Чпокс подняла руку: – У меня.
– Давай, Ксюша, – улыбнулся Ярославцев. Он Чпоксовы стихи очень любил и приготовился к чему-то приятному, потирая руки.
Чпокс запрокинула голову и стала читать:
Тут лоно зла, и лоно тьмы, и лоно пустоты.
И здесь никто не наделен частицей доброты.

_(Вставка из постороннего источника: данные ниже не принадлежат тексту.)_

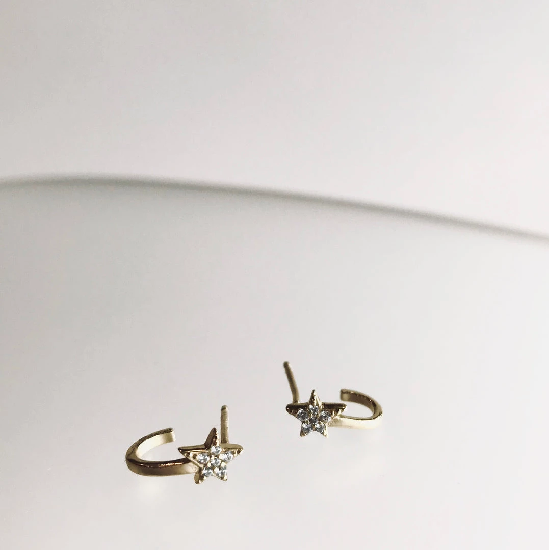STARS – Earrings Huggie + Cubic Zirconia Gold Vermeil

Здесь ненависть и лесть проводят век.
Здесь жизнь не в счет, и здесь живет –
презренный человек.
После каждого нового стиха Ярославцев обычно обводил хитрыми глазами всю нашу компанию, следя за реакцией. Нравится? Не нравится? Потом несколько секунд молчал, как бы давая уложиться в голове услышанному. И только потом говорил что-нибудь вроде:
– Ве-ли-ко-леп-но!
А после похвал делал критические замечания.
Но на этот раз он не стал ловить наши взгляды, опустил глаза и над чем-то как будто размышлял. Пауза росла.
– Неплохо, – как-то снисходительно проговорил Ярославцев. – Только кому же, Ксюша, они посвящены, твои стихи?
Чпокс встала и приготовилась говорить. Белка ущипнула ее за локоть. Я сделала какое-то нечаянное движение. Нельзя допустить!
– Коваленке! – сказала Чпокс.
Ярославцев сделал шаг назад и еще какое-то время помолчал, на этот раз уже водя своими темными глазами туда-сюда, пытаясь понять, что тут у нас происходит.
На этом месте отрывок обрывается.